Poor data about ethnicity is obscuring the extent of disparities in the impact of COVID-19, according to a study by the Nuffield Trust.

In a report on ethnicity coding in English health service datasets, the independent health think tank, said the NHS is failing to record the ethnicities of “an excessive and growing proportion of patients”.

The analysis of hospital, A&E and community services data found that in 2019/20, 13% of inpatients and 17% of outpatients did not have a known, stated ethnicity recorded.

Other data quality problems including incomplete coding, inconsistent use of codes and systematic biases in data quality.

For patients with multiple contacts with the NHS, patients in minority ethnic groups were more likely to have a different code assigned on different occasions, suggesting inaccuracy. 

Nuffield Trust says these issues mean estimates of COVID-19 infections, hospitalisations and deaths could be miscounted in minority ethnic and white groups.

The report notes that NHS guidance on ethnicity coding has not been updated since 2001 and calls for the development and implementation of updates guidance.

WHY IT MATTERS

Nuffield Trust says the lack of comprehensive, high quality data on health and mortality by ethnicity is a significant obstacle to addressing health inequalities.

THE LARGER CONTEXT 

Earlier this year NHS England announced it would begin publishing ethnicity data on who is receiving the COVID-19 vaccine, following backlash and accusations of potential bias.

A report by Public Health England published in August 2020, found that people of Bangladeshi origin were most likely to die from COVID-19 and those from black ethnic groups were the most likely to be diagnosed with the virus.

ON THE RECORD 

NHS Race Health Observatory director, Dr Habib Naqvi said: “It is essential that the NHS commit to improving the recording of patient ethnicity data so we are better informed to meet the needs and challenges of our diverse communities. At this crucial time, healthcare providers need to learn lessons from the pandemic and be able to draw on factual insight from accurate datasets, such as how the virus impacts on different, ethnic communities so we can plan, protect and prioritise those most at risk from disease in the future.”

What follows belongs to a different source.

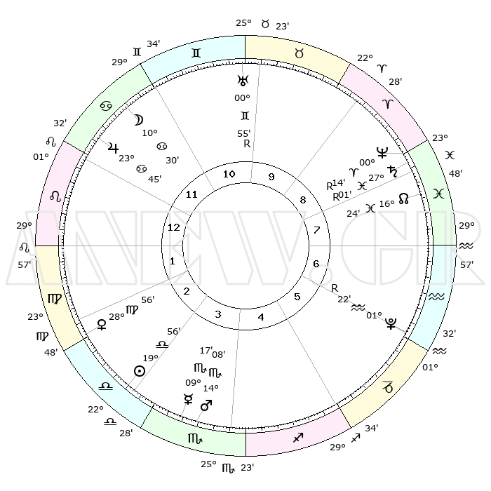 | ΘΕΣΕΙΣ ΠΛΑΝΗΤΩΝ ΑΣΤΡΟΛΟΓΙΚΟΥ ΧΑΡΤΗ ΤΗΣ ΣΤΙΓΜΗΣ ΑΥΤΗΣ | | Πλανήτης | Ζώδιο | Μοίρες | Δεκαήμ. | Σε οίκο | Απόκλιση | | Ακμές των οίκων | Ηλιος | Ζυγός | 19°51' | Δεύτερο | 3 | 07 S 45 | | 1ος | 03°59' | Λέων | Σελήνη | Καρκίνος | 09°15' | Πρώτο | 12 | 27 N 57 | | 2ος | 25°18' | Λέων | Ερμής | Σκορπιός | 09°09' | Πρώτο | 4 | 15 S 58 | | 3ος | 20°53' | Παρθένος | Αφροδίτη | Παρθένος | 28°49' | Τρίτο | 3 | 01 N 50 | | 4ος | 22°23' | Ζυγός | Αρης | Σκορπιός | 14°04' | Δεύτερο | 4 | 16 S 15 | | 5ος | 28°18' | Σκορπιός | Δίας | Καρκίνος | 23°45' | Τρίτο | 12 | 21 N 23 | | 6ος | 03°22' | Αιγόκερως | Κρόνος | Ιχθείς | 27°01'R | Τρίτο | 9 | 03 S 29 | | 7ος | 03°59' | Υδροχόος | Ουρανός | Δίδυμοι | 00°55'R | Πρώτο | 11 | 20 N 08 | | 8ος | 25°18' | Υδροχόος | Ποσειδώνας | Κριός | 00°14'R | Πρώτο | 9 | 01 S 10 | | 9ος | 20°53' | Ιχθείς | Πλούτωνας | Υδροχόος | 01°22'R | Πρώτο | 6 | 23 S 32 | | 10ος | 22°23' | Κριός | Β. Δεσμός | Ιχθείς | 16°25' | Δεύτερο | 8 | 05 S 22 | | 11ος | 28°18' | Ταύρος | Ωροσκόπος | Λέων | 03°59' | Πρώτο | | | 12ος | 03°22' | Καρκίνος | Μεσουράνημα | Κριός | 22°23' | Τρίτο | | | |

Nuffield Trust deputy director of research, Dr Sarah Scobie, said: “At a time when ethnic disparities are playing an important role in a terrible pandemic, and with a new cross-ministerial board supposed to tackle health inequalities, it is unacceptable that we have obvious gaps and distortions in the record of which ethnic groups patients belong to. It is even more troubling that the situation seems to be worsening.

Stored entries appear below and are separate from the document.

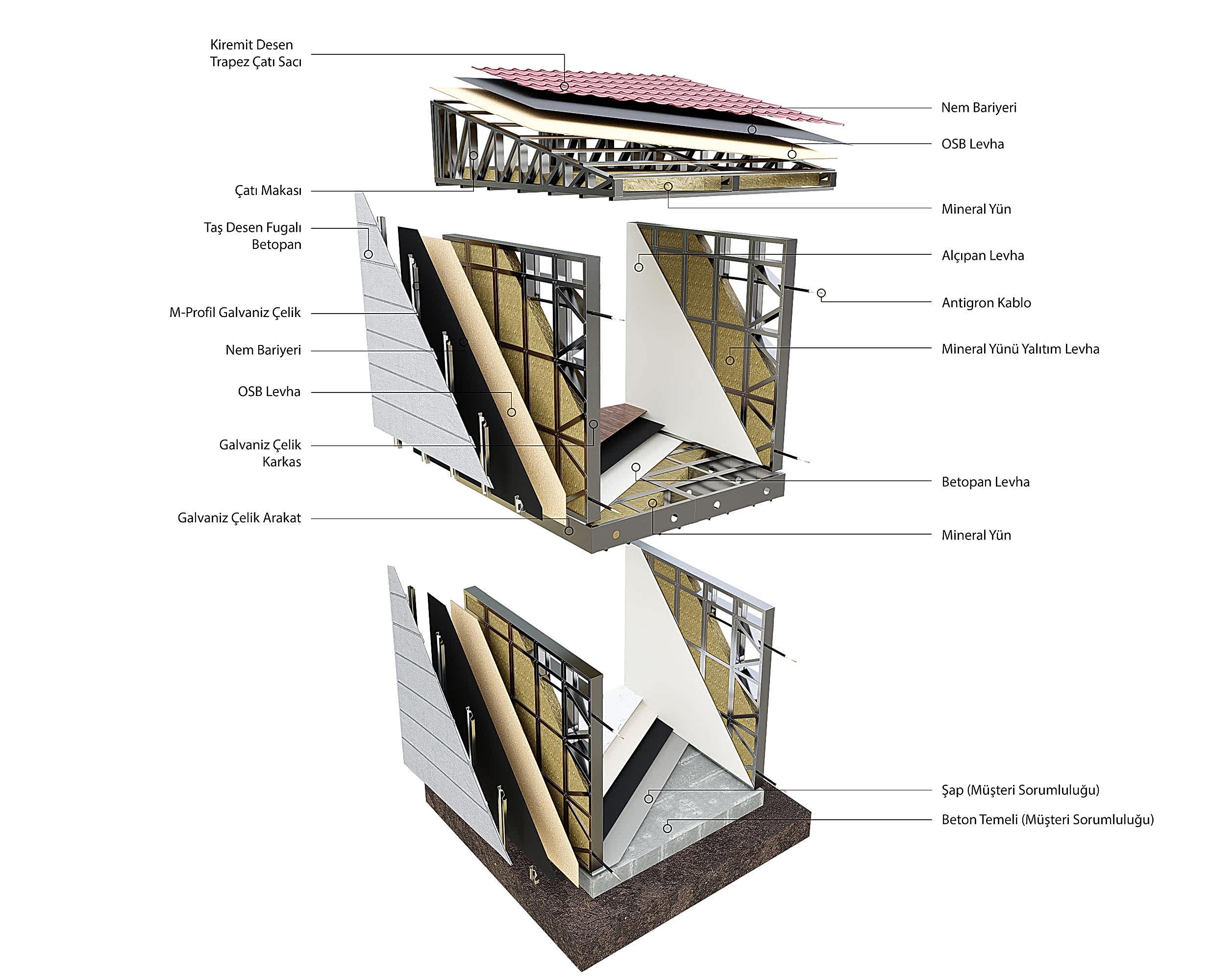| DIŞ YÜZEY KAPLAMASI | 84mm Hafif Çelik karkas üzerine ; 2440x1220x11mm OSB ( (Oriented Strand Board) Nem Bariyeri ( %100 su ve buhar geçirimsiz örtüdür. ) M Profil ( 0,50mm 25x80x25mm ) 8mm Derz Betopanı (Yanmaz, sudan etkilenmez, A1 sınıfı, Presle güçlendirilmiş) 10mm-12mm Taş desenli - Ahşap desenli Betopan (Yanmaz, sudan etkilenmez, A1 sınıfı, Presle güçlendirilmiş) | |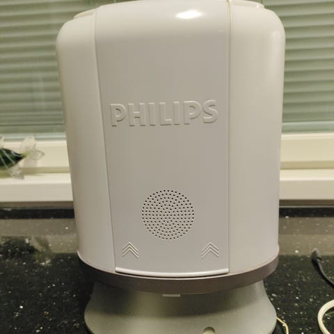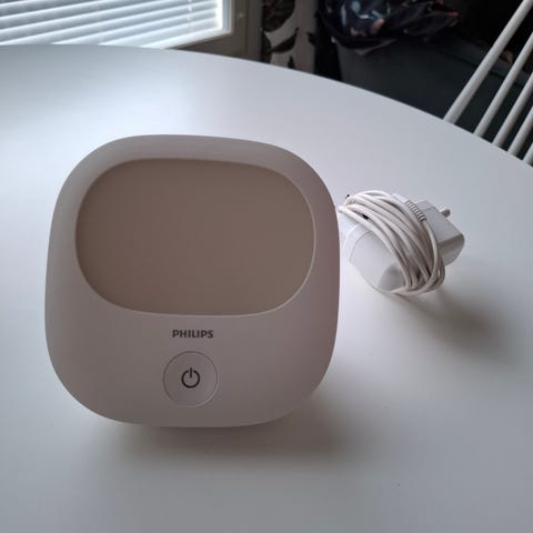 Philips HF3520 herätysvalo. Valkoinen, pyöreä malli, joka toimii herätysvalona ja pöytälaitteena. Laitteessa on ohjauspainikkeet etuosassa sekä ilmanvaihtoaukot takana. Sopii käytettäväksi makuuhuoneessa luonnonvaloa jäljittelevänä herätysvalona ja yövalona. Toimii verkkovirralla, laitteen tyyppikilpi ja tekniset tiedot sijaitsevat takapuolella.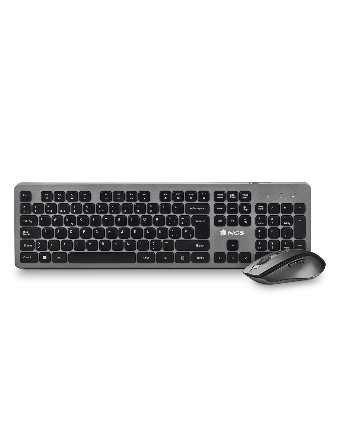 NGS IDOL KIT. Formato del teclado: Completo (100%). Estilo de teclado: Derecho. Tecnología de conectividad: Inalámbrico, Interfaz del dispositivo: RF inalámbrico, Diseño de teclado: QWERTY, Uso recomendado: Oficina. Color del producto: Negro, Plata. Ratón incluido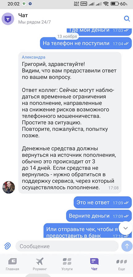 Здравствуйте, хочу рассказать свою историю про использование связи Т мобайл или как ранее Тинькофф мобайл. Положил деньги на баланс телефона 2024.50 рублей, но деньги не пришли на баланс.

“We won’t be able to stop the unequal impacts we see during the pandemic from happening again unless we can accurately tell what they are. We may also be misunderstanding important differences in disease risks and patterns of illness – and taking the wrong decisions as a result.” 

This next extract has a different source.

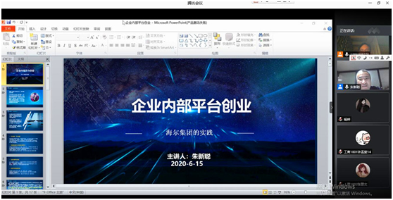 邀请,海尔电器华东大区总经理朱新聪通过腾讯会议,为我校18级同学带来了一场题为“企业内部平台创业——海尔集团的实践”的学术讲座。讲座由大乐透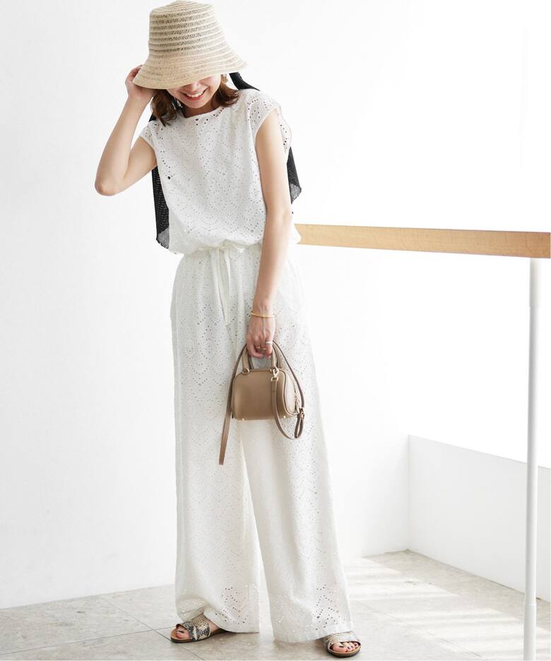 大人のためのオールインワンJOURNAL STANDARD relumeのコットンカットワーク刺繍オールインワンは、1枚で華やかに着映えるエンブロイダリー生地のオールインワン。爽やかなモノトーンが夏にぴったりで、パンツ部分にきちんと裏地が付いているところも高ポイント。

An NHS England spokesperson said: “This finding is now out of date because recording ethnicity data was one of the eight urgent actions outlined in the NHS pandemic response and further reinforced in March this year, and recording all patients is now almost 95% complete. But most importantly, the NHS is actually tackling and preventing health inequalities where we can, for example by working with communities to dramatically increase uptake of the COVID-19 vaccine among all ethnic minority groups.”